Township in Pennsylvania, US

Manor Township is a township in Armstrong County, Pennsylvania, United States. The population was 4,190 at the 2020 census, a decrease from the figure of 4,227 tabulated in 2010.

==Geography==
Manor Township is located in central Armstrong County. It is bordered to the west by the Allegheny River and by the boroughs of Ford Cliff, Ford City, and Manorville. The borough of Kittanning borders the short, northwestern edge of the township. Crooked Creek forms the southern border of the township, and Cowanshannock Creek meanders through a small northeast section of the township. Ross Island is within the township in the Allegheny River. It contains the census-designated place of Lenape Heights.

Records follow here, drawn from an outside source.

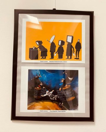 Художні роботи, які представлені відвідувачам - це витвори переможців Міжнародного конкурсу карикатур під назвою «Чхання мозку - від калокагатії до іпохондрії та назад» створені в рамках проєкту, який реалізується за підтримки Міжнародного Вишеградського фонду.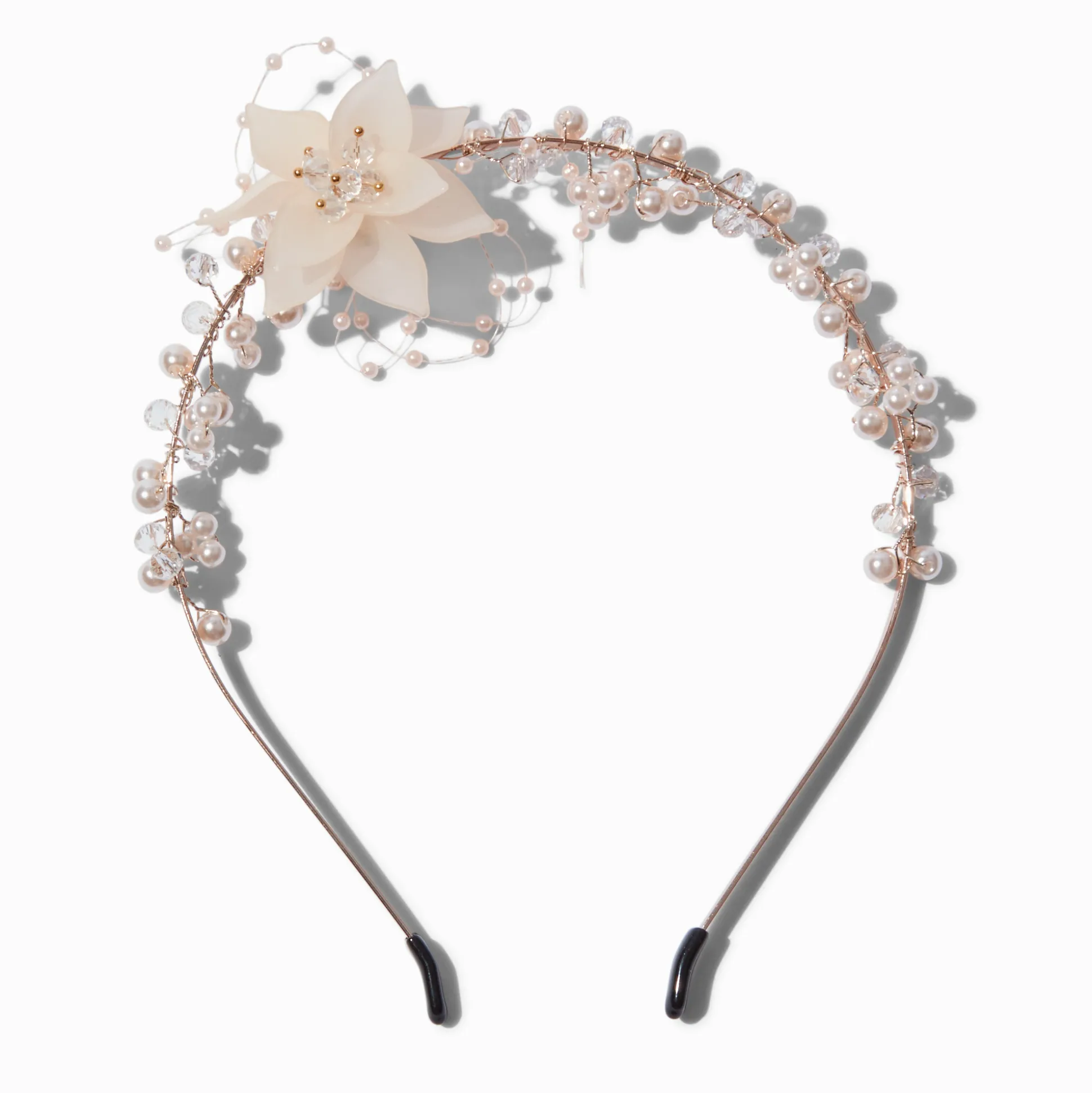 Des fleurs blanches décorent un serre-tête en métal couleur doré rose, et le serre-tête destiné aux grandes occasions est agrémenté de charmantes perles d’imitation.
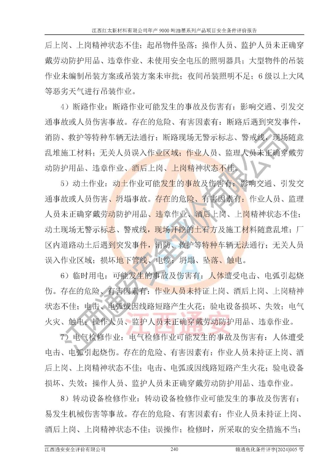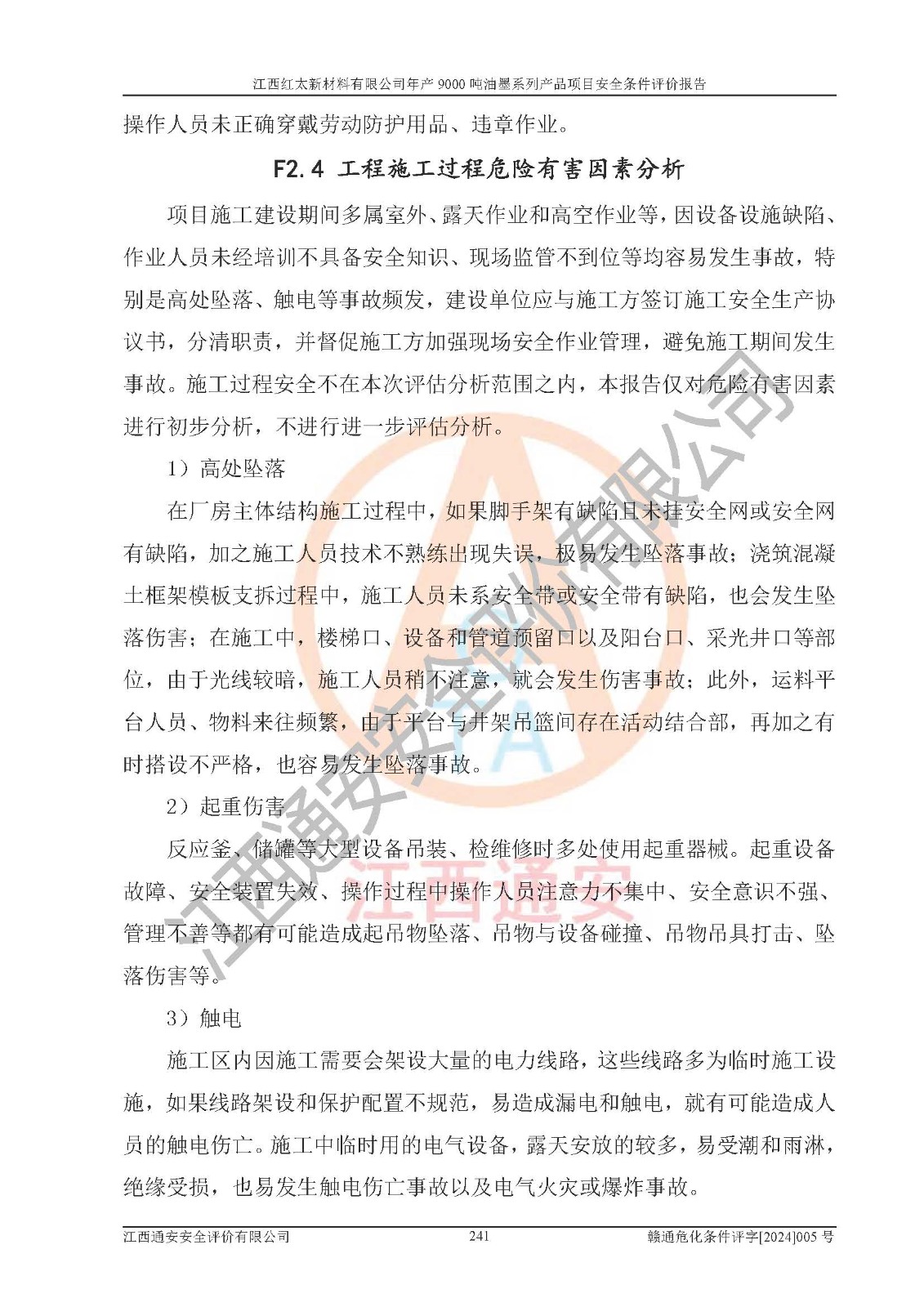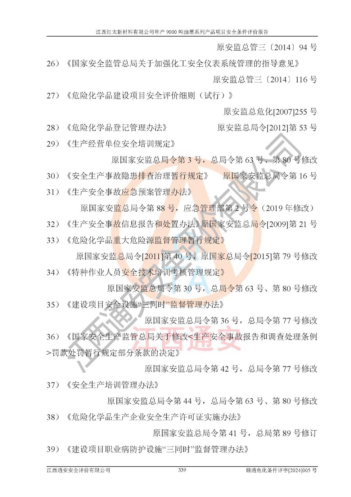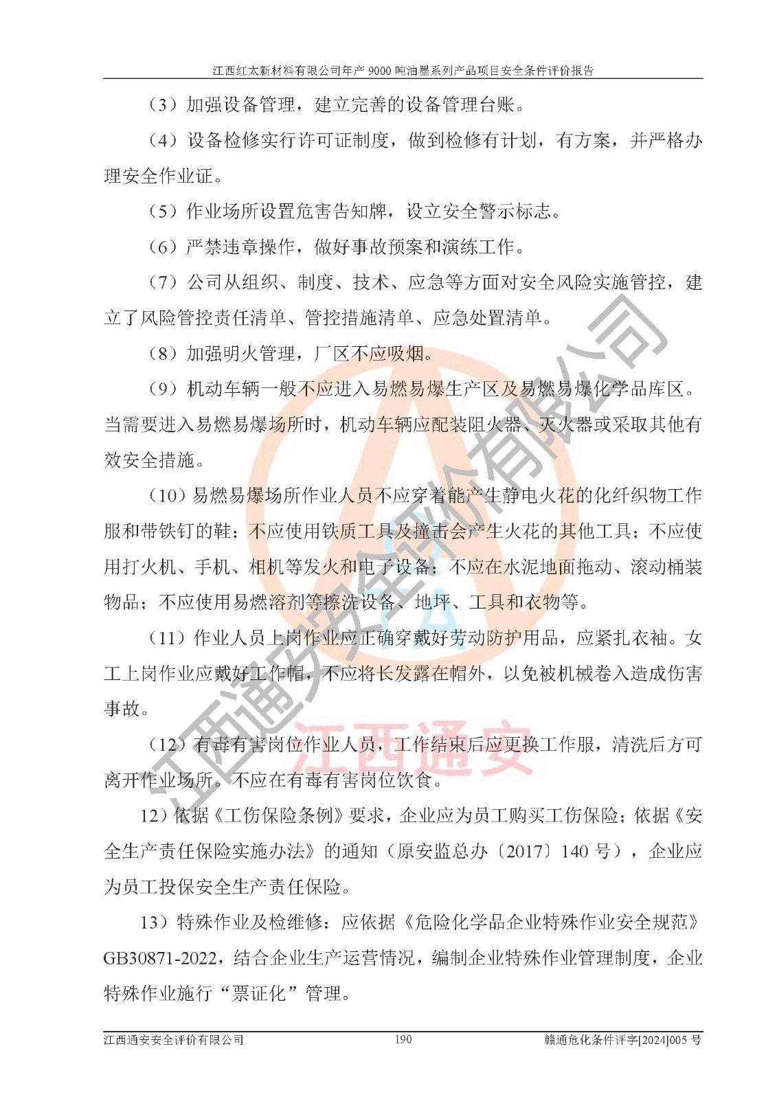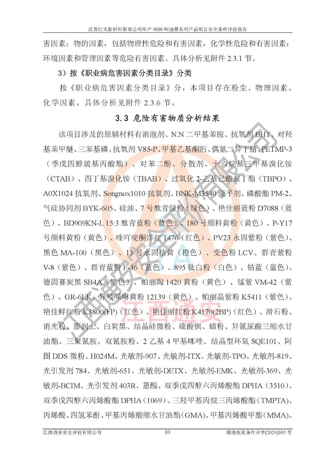 1)本項(xiàng)目依法取得了《江西省企業(yè)投資項(xiàng)目備案通知書》、《建設(shè)用地規(guī)劃許可證》,符合地方產(chǎn)業(yè)發(fā)展規(guī)劃的要求。 2)根據(jù)《**安全監(jiān)管總局關(guān)于公布首批重點(diǎn)監(jiān)管的危險(xiǎn)化工工藝目錄的通知》(安監(jiān)總管三[2009]116號(hào))和《**安全監(jiān)管總局關(guān)于公布第二批重點(diǎn)監(jiān)管危險(xiǎn)化工工藝目錄和調(diào)整首批重點(diǎn)監(jiān)管危險(xiǎn)化工工藝中部分典型工藝的通知》(安監(jiān)總管三[2013]3號(hào)),本項(xiàng)目聚合工藝為常壓條件生產(chǎn)工藝,故不列入危險(xiǎn)工藝。 3)根據(jù)《危險(xiǎn)化學(xué)品重大危險(xiǎn)源辨識(shí)》(GB18218-2018),該項(xiàng)目未構(gòu)成危險(xiǎn)化學(xué)品重大危險(xiǎn)源。 4)項(xiàng)目存在的主要危險(xiǎn)因素有:火災(zāi)爆炸、容器爆炸、中毒窒息、灼燙、觸電、**傷害、機(jī)械傷害、高處墜落、物體打擊、淹溺等,存在的主要危害因素有:噪聲與振動(dòng)、高溫、有害化學(xué)物質(zhì)等;引起事故的原因有人的不安全行為、物的不安全狀態(tài)、管理缺陷和環(huán)境不良。其中*主要的危險(xiǎn)有害因素是火災(zāi)爆炸。 5)采用預(yù)先危險(xiǎn)性分析法評(píng)價(jià),結(jié)果為: (1)通過預(yù)先危險(xiǎn)(PHA)分析可知,項(xiàng)目廠址及總體布局單元存在周邊環(huán)境相互影響,發(fā)生異常情況,可對(duì)周邊企業(yè)生產(chǎn)經(jīng)營(yíng)活動(dòng)、人員活動(dòng)產(chǎn)生影響;存在自然條件影響,可因雷擊、暴雨等引起事故;存在**傷害、建筑物危害,其固有的危險(xiǎn)性等級(jí)為Ⅱ級(jí),屬于“臨界的”,應(yīng)予以排除、采取控制措施因素。 (2)生產(chǎn)作業(yè)存在的危險(xiǎn)因素包括火災(zāi)爆炸、觸電、灼燙、中毒窒息固有的危險(xiǎn)等級(jí)為Ⅲ級(jí),屬于“危險(xiǎn)的”,可能導(dǎo)致人員傷亡和系統(tǒng)損壞的因素,需要采取防范和對(duì)策措施的因素;其它危險(xiǎn)因素固有的危險(xiǎn)等級(jí)為Ⅱ級(jí),屬于“臨界的”,應(yīng)予以排除、采取控制措施因素。 (3)生產(chǎn)作業(yè)存在的噪聲、粉塵、高溫、有害化學(xué)物質(zhì)的危險(xiǎn)有害因素等級(jí)為Ⅱ級(jí),屬于“臨界的”,應(yīng)予以排除、采取控制措施因素。 6)危險(xiǎn)度評(píng)價(jià)分析,結(jié)果為: 生產(chǎn)裝置危險(xiǎn)度評(píng)價(jià)分析:101甲類車間為**危險(xiǎn)(Ⅰ級(jí)),102丙類車間為中度危險(xiǎn)(Ⅱ級(jí))。 儲(chǔ)存單元危險(xiǎn)度評(píng)價(jià)分析:202甲類倉(cāng)庫(kù)為**危險(xiǎn)(Ⅰ級(jí)),201丙類倉(cāng)庫(kù)為低度危險(xiǎn)(Ⅲ級(jí)),203丙類罐區(qū)為中度危險(xiǎn)(Ⅱ級(jí))。 7)作業(yè)條件危險(xiǎn)性評(píng)價(jià)結(jié)果:在選定的評(píng)價(jià)單元中,其危險(xiǎn)分值均在70以下,危險(xiǎn)程度基本屬于“可能危險(xiǎn)”、“稍有危險(xiǎn)”范圍,作業(yè)條件相對(duì)安全。企業(yè)經(jīng)營(yíng)過程中首先應(yīng)重點(diǎn)加強(qiáng)對(duì)甲類生產(chǎn)車間、甲類倉(cāng)庫(kù)、儲(chǔ)罐區(qū)的危險(xiǎn)因素的嚴(yán)格控制,注重日常安全管理;其次要建立健全完善的安全生產(chǎn)責(zé)任制、安全管理制度、安全技術(shù)操作規(guī)程并**其貫徹落實(shí);第三要認(rèn)真抓好操作人員、管理人員的安全知識(shí)和操作技能的培訓(xùn),**人員具有與工程技術(shù)水平相適應(yīng)的技術(shù)素質(zhì)和安全素質(zhì),**安全作業(yè)。 8)項(xiàng)目建設(shè)場(chǎng)地符合當(dāng)?shù)匾?guī)劃要求,建設(shè)場(chǎng)地通過合理規(guī)劃,其選址、周邊環(huán)境、總平面布置、交通運(yùn)輸?shù)饶芊稀吨腥A人民共和國(guó)安全生產(chǎn)法》、《危險(xiǎn)化學(xué)品安全管理?xiàng)l例》、《建筑設(shè)計(jì)防火規(guī)范》、《精細(xì)化工企業(yè)工程設(shè)計(jì)防火標(biāo)準(zhǔn)》等法規(guī)、標(biāo)準(zhǔn)、規(guī)范要求。 廠址地區(qū)地震活動(dòng)相對(duì)較弱,災(zāi)害性天氣出現(xiàn)頻率稍高,自然災(zāi)害對(duì)項(xiàng)目建設(shè)具有**影響,通過采取相應(yīng)的防護(hù)措施,自然條件適宜建設(shè)。 9)建設(shè)項(xiàng)目符合**產(chǎn)業(yè)政策的要求;選擇工藝為現(xiàn)行成熟工藝,其安全可靠性可得到**。 10)本報(bào)告已根據(jù)有關(guān)安全生產(chǎn)法律、法規(guī)、規(guī)章和**標(biāo)準(zhǔn)、行業(yè)標(biāo)準(zhǔn),并嚴(yán)格執(zhí)行省委辦公廳省**辦公廳《關(guān)于全面加強(qiáng)危險(xiǎn)化學(xué)品安全生產(chǎn)工作的實(shí)施意見》(贛辦發(fā)[2020]32號(hào))及都陽(yáng)湖生態(tài)經(jīng)濟(jì)區(qū)、長(zhǎng)江經(jīng)濟(jì)帶、“五河一湖”相關(guān)政策規(guī)定,客觀、公正、科學(xué)地進(jìn)行安全評(píng)價(jià),項(xiàng)目符合《江西省應(yīng)急管理廳關(guān)于印發(fā)《江西省危險(xiǎn)化學(xué)品建設(shè)項(xiàng)目安全監(jiān)督管理實(shí)施細(xì)則》(試行)的通知》(贛應(yīng)急字[2021]100號(hào))的要求。 11)本報(bào)告結(jié)合工藝特征,提出應(yīng)采取的對(duì)應(yīng)的自動(dòng)化控制系統(tǒng)及自動(dòng)化實(shí)施方案,滿足《江西省應(yīng)急管理廳關(gu

According to the United States Census Bureau, the township has a total area of 44.4 sqkm, of which 43.0 sqkm is land and 1.4 sqkm, or 3.23%, is water.

==Demographics==

As of the 2000 census, there were 4,231 people, 1,752 households, and 1,254 families residing in the township. The population density was 254.7 PD/sqmi. There were 1,879 housing units at an average density of 113.1 /sqmi. The racial makeup of the township was 98.49% White, 0.61% African American, 0.12% Native American, 0.09% Asian, 0.02% Pacific Islander, 0.09% from other races, and 0.57% from two or more races. Hispanic or Latino of any race were 0.38% of the population.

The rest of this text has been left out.